DC-DC Converter Basics
A DC-to-DC converter is a gadget that acknowledges a DC info voltage and produces a DC
yield voltage. Normally the yield delivered is at an alternate voltage level than the info. Also,
DC-to-DC converters are utilized to give clamor confinement, force transport regulation, and
so on. This is a synopsis of a portion of the prevalent DC-to-DC converter topologies.
3.1 BUCK CONVERTER
In this circuit the transistor turning ON will put voltage Vin toward one side of the
inductor. This voltage will tend to bring about the inductor current to rise. At the point when
the transistor is OFF, the present will keep coursing through the inductor however now
moving through the diode.
We at first accept that the current through the inductor does not achieve zero, in this
way the voltage at Vx will now be just the voltage over the leading diode amid the full OFF
time. The normal voltage at Vx will rely on upon the normal ON time of the transistor gave
the inductor current is persistent.
Fig 3.1 Buck Converter
T
Fig : Basic schematic diagram, dynamic average-value model, and control block diagram of
the employed bidirectional dc/dc converter. (a) Basic schematic diagram. (b) Dynamic
average-value model. (c) Control block diagram.

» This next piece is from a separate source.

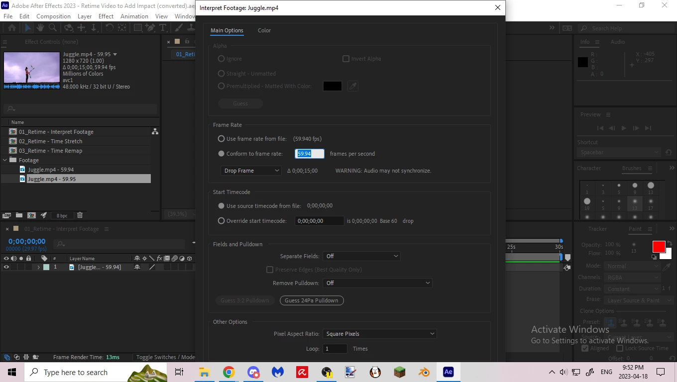 Help with Interpret Footage pop up in After Effects

CONFIGURATION OF THE STUDIED SYSTEM:
A. System Configuration
Fig. 1 shows the configuration of the studied integrated wind and wave power generation system
connected to an ac grid through a dc microgrid. The wind power generation system simulated by a
permanent-magnet synchronous generator (PMSG) driven by a wind turbine (WT) is connected to
the dc microgrid through a VSC of VSC_PMSG. The wave power generation system simulated by an
LPMG driven by a linear permanentmagnet motor (LPMM) is also connected to the dc microgrid
through a VSC of VSC_LPMG. A resistive dc load RLoad is connected to the dc microgrid through a
load dc/dc converter. To achieve stable power flow (or power balance condition) and load demand
control of the dc microgrid under different operating conditions, a battery is connected to the dc
microgrid through a bidirectional dc/dc converter, while an ac grid is connected to the dc microgrid
through a bidirectional grid-tied inverter and a transmission line. When available wind power and/or
wave power can be injected into the dc microgrid with a fully charged battery, the surplus power of
the dc microgrid can be delivered to the ac grid through the bidirectional grid-tied inverter. When no
wind power or no wave power is delivered to the dc microgrid with a low-energy battery, the
insufficient power of the dc microgrid can be captured from the ac grid through the bidirectional
grid-tied inverter. The power of the resistive dc load RLoad can be obtained from the dc microgrid
through the load dc/dc converter only when the dc microgrid has enough power. The load dc/dc
converter with the resistive dc load RLoad can also slightly adjust the power balance condition of the
dc microgrid. The control functions of the bidirectional dc/dc converter, the bidirectional grid-tied
inverter, and the load dc/dc converter must be adequately coordinated with each other to obtain
stable operation of the dc microgrid. In this paper, the mathematical models of the studied
integrated system with the proposed dc microgrid are derived in detail, including the wind WT-
PMSG set with its VSC, the wave LPMM-LPMG set with its VSC, the bidirectional dc/dc converter
with the battery, the load dc/dc converter with the resistive load, and the bidirectional grid-tied
inverter. Both frequency-domain analysis and time-domain simulations are performed using
MATLAB/Simulink.
B. Models of WT and PMSG
The WT model employed in this paper includes the following operation conditions: the cut-in
wind speed of 4 m/s, the rated wind speed of 13 m/s, and the cut-out wind speed of 24 m/s. The
detailed characteristics and expressions for the captured mechanical power Pw, the dimensionless
power coefficient Cpw, the mechanical torque Tw, the tip speed ratio λw, and the blade pitch angle
βw of the studied WT can be seen in [16]. Fig. 2 plots the q–d-axis equivalent circuit of the studied
wind PMSG [17]. The per-unit (p.u.) q- and d-axis statorwinding voltages of the studied PMSG can be
expressed by, respectively,
Fig: Equivalent mass-spring-damper model of the studied AWS
Control Blocks of PMSG’s VSC:
Fig. 5 illustrates the control block diagrams of the indices mq1 and md1 of the studied
PMSG’s VSC. The d- and q-axis reference currents are generated by comparing the output
active power of the PMSG (PPMSG) with its reference value using maximum power point
tracking function. After subtracting the output currents of the PMSG (ig_PMSG) from their
respective reference values, the resultant differences pass through the respective first-order
lag controllers to obtain the deviations of the respective modulation indices that are added to
their respective initial values to acquire the VSC’s modulation indices. The limiters, namely,
md1_ max, md1_ min, mq1_ max, and mq1_ min, are included in the model to ensure normal
operation of the VSC.
Fig: Control block diagram of the modulation indices of the VSC of the studied PMSG.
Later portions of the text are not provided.